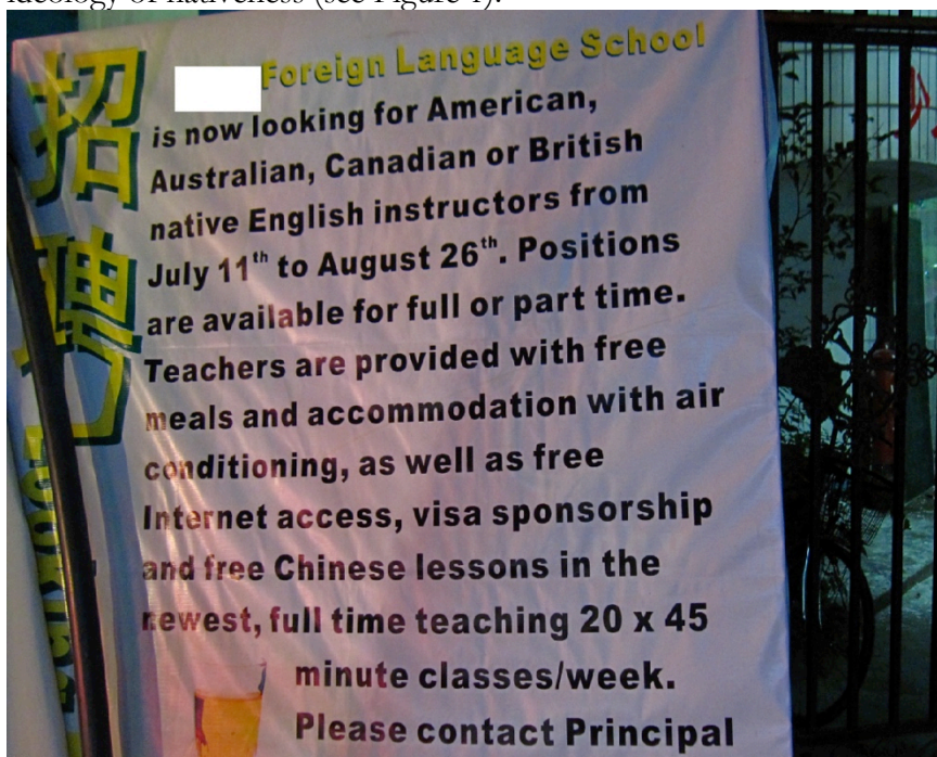
Figure 1: A Recruitment Advertisement on the Street.

Here, the space of Yangshuo, particularly that of West Street, is constructed as an English-speaking place, where authentic interaction with “western travelers” and “foreigners” occurs naturally. It is worth mentioning here that for language schools, native speakers from the inner circle countries (Kachru, 1986) are the preferred teachers (see also Seargeant, 2005), which supposedly helps provide a more authentic learning environment based on the ideology of nativeness (see Figure 1).
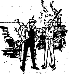
"Find the U. S. Tire dealer with the full completely lined line of U. S. Tires."

The tire buyers of the land have responded with a mighty U. S. Tire following.
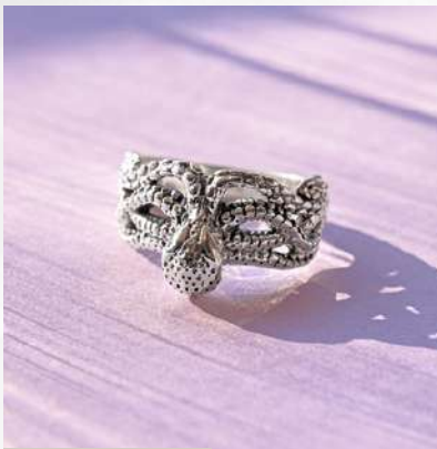
PRODUCT CODE: #SR-049

Material - 925 Sterling Silver Weight Range - 10.1 gram
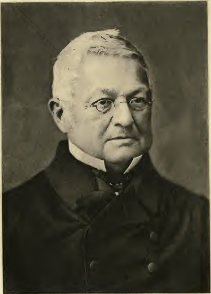
Adolphe Thiers. First President of the Third Republic.
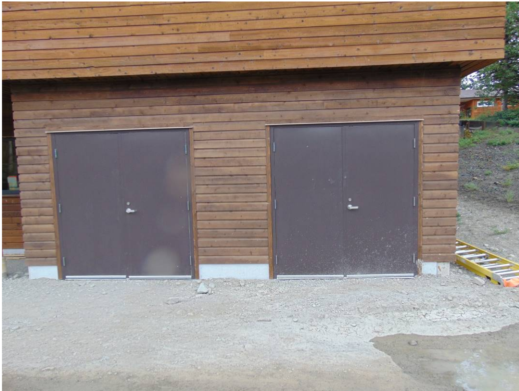
Photograph 11. – Southern section of west elevation (lower level)
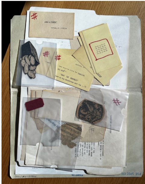
Hollis Frampton Sketches and Diagrams at MOMA Collection

She was impressed with the range of cinemas and moving image institutions across the City, which in six months she got to know. Another highlight of her experience was the opportunity to attend lectures and performances with other ACC Fellows, taking their lead. "I would not have visited on my own. I would not have realized the exciting performing arts scene," she says.
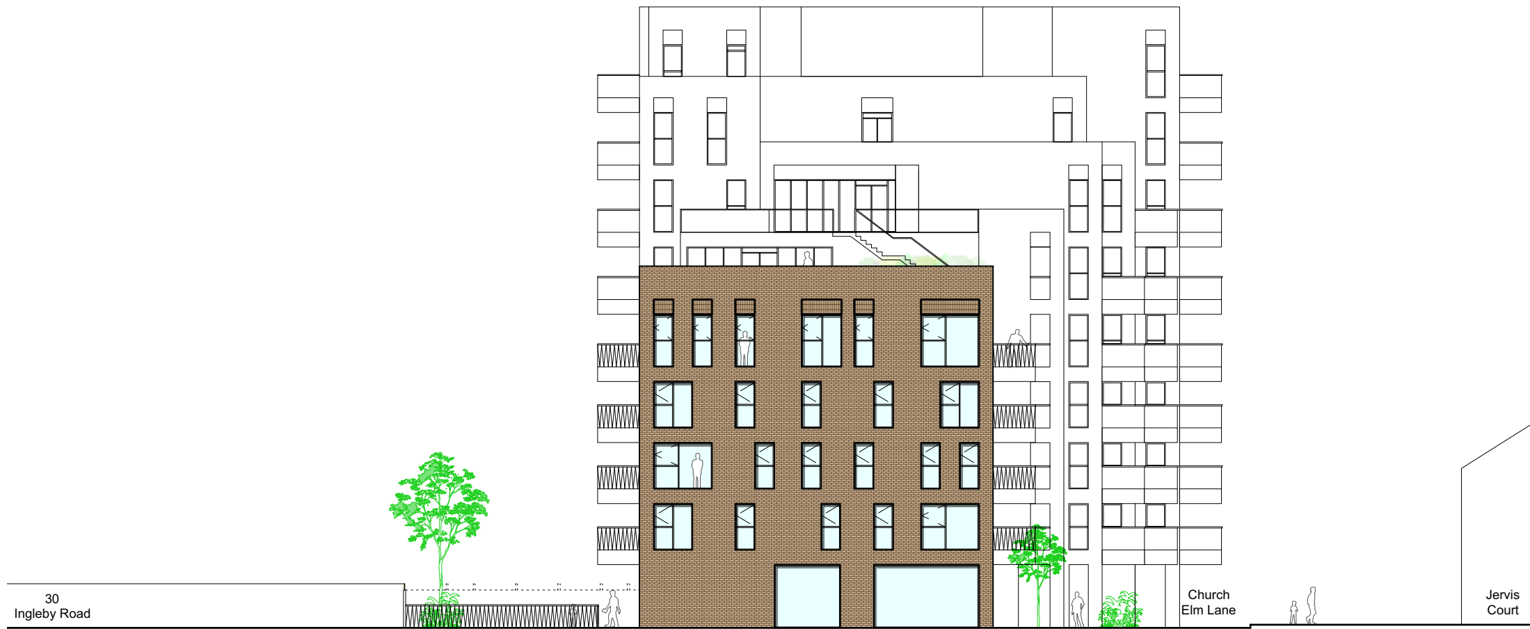
D: SIDE ELEVATION - WEST
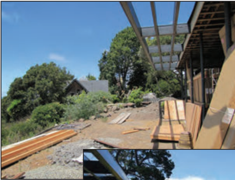
Before: lawn looking northwest.
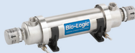
Model BIO-1.5 1.5 GPM

______

• _EXERCISE DETAILS_
Transcribe exactly the lines above, beginning at the one with "Photograph 11. –" and going up to and including the one with "Hollis Frampton Sketches". Pictures do not belong in the copy.

• _TASK RESULT_
Photograph 11. – Southern section of west elevation (lower level)
Hollis Frampton Sketches and Diagrams at MOMA Collection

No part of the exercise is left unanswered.